Dear Senator Bass:
This office has received your request for an official Attorney General Opinion in which you ask, in effect, the following question:
May the district manager of a master conservancy district contract with his or her spouse for employment with the district that is not a part of the normal duties of the district, is limited in duration, and cannot be accomplished by existing district employees?
Your question requires an analysis of Oklahoma's nepotism laws, 21 O.S. 2001, §§ 481[21-481] — 487, and whether those laws apply to the officers and employees of master conservancy districts. We will begin our analysis by examining the purpose and nature of the nepotism laws.
THE STATE'S NEPOTISM LAWS Oklahoma's nepotism laws were enacted to abolish the practice of public officials appointing their relatives to positions within the officials' departments of government. Reddell v. State, 170 P. 273, 274 (Okla. 1918). Title 21, Section 481 of the State's nepotism laws provides in pertinent part as follows:
A. It shall be unlawful for any executive, legislative, ministerial or judicial officer to appoint or vote for the appointment of any person related to him by affinity or consanguinity within the third degree, to any clerkship, office, position, employment or duty in any department of the state, district, county, city or municipal government of which such executive, legislative, ministerial or judicial officer is a member, when the salary, wages, pay or compensation of such appointee is to be paid out of the public funds or fees of such office.
Id. (emphasis added).
The class of persons subject to the nepotism laws is broad. Title 21, Section 487 defines "any executive, legislative, ministerial or judicial officer" as follows:
Under the designation executive, legislative, ministerial or judicial officer as mentioned herein are included the Governor, Lieutenant Governor, Speaker of the House of Representatives, Corporation Commissioners, all the heads of the departments of the state government, judges of all the courts of this State, mayors, clerks, councilmen, trustees, commissioners and other officers of all incorporated cities and towns, public school trustees, officers and boards of managers of the state university and its several branches, state normals, the penitentiaries and eleemosynary institutions, members of the commissioners court, and all other officials of the State, district, county, cities or other municipal subdivisions of the state.
Id. (emphasis added).
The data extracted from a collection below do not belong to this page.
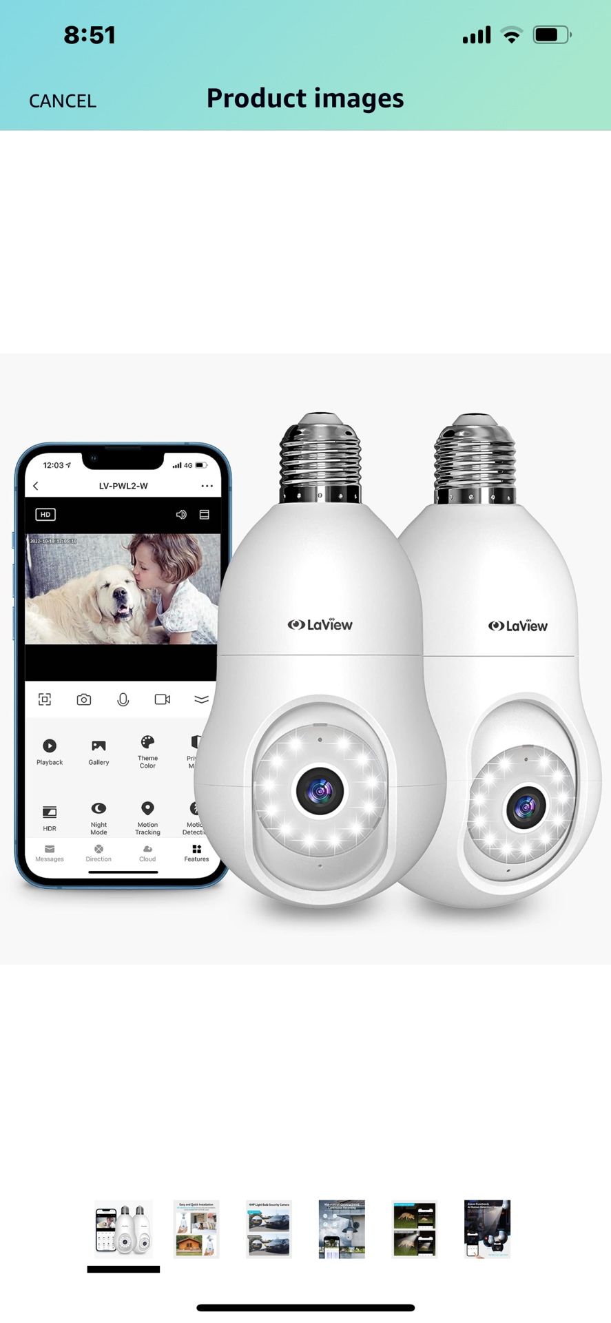 4MP Bulb Security Camera 2.4GHz,360° 2K Security Cameras Wireless Outdoor Indoor Full Color Day and Night, Motion Detection, Audible Alarm, Easy Installation, Compatible with Alexa (2 Pack)
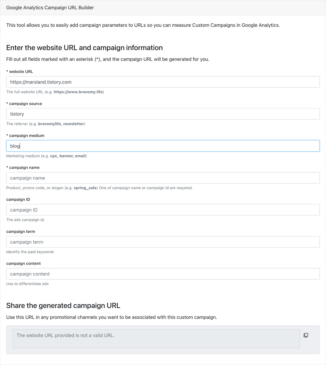 * 붙은 필수값을 다 입력하시면 아래에 url이 완성되어서 표시가 되는데, 이걸 복사해서 원하시는 곳에 활용하시면 됩니다.
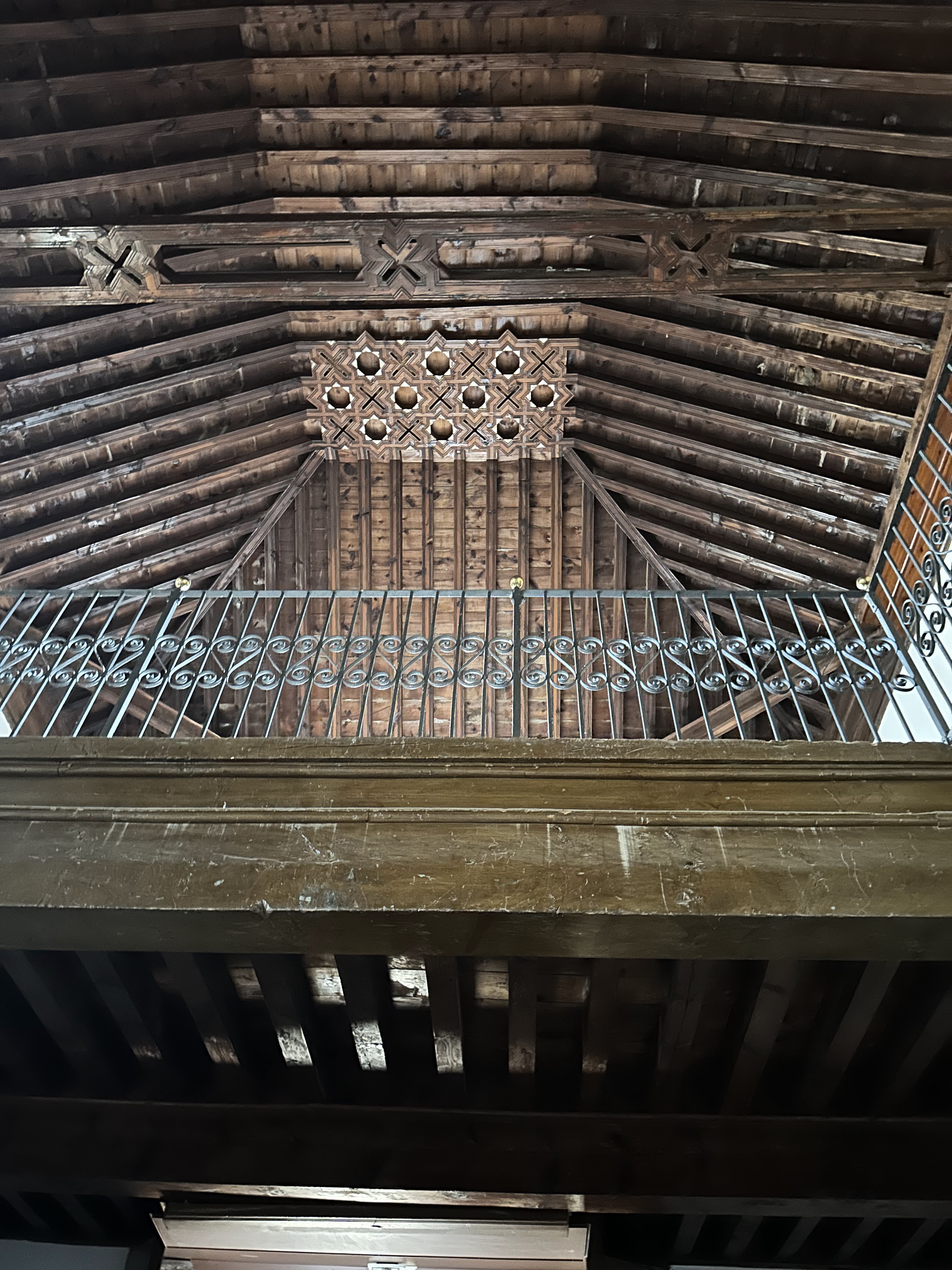 La nave central tiene un magnífico artesonado de madera con una armadura de lima-bordón, bellamente decorada con motivos de estrellas de ocho puntas y lazo de cuatro decorando el almizate y las parejas de tirantes, todo perfilado con labor de agramilado.

Thus, "officials" of "districts" are considered "executive, legislative, ministerial or judicial officers" who are subject to the State's nepotism laws.
Our next inquiry is two-fold: whether master conservancy districts are included in the term "district" used in 21 O.S. 2001, § 481[21-481], and if so, whether the district manager of a master conservancy district is an "official" of the district as defined in 21 O.S. 2001, § 487[21-487]. To answer these questions, we will first examine the nature of master conservancy districts.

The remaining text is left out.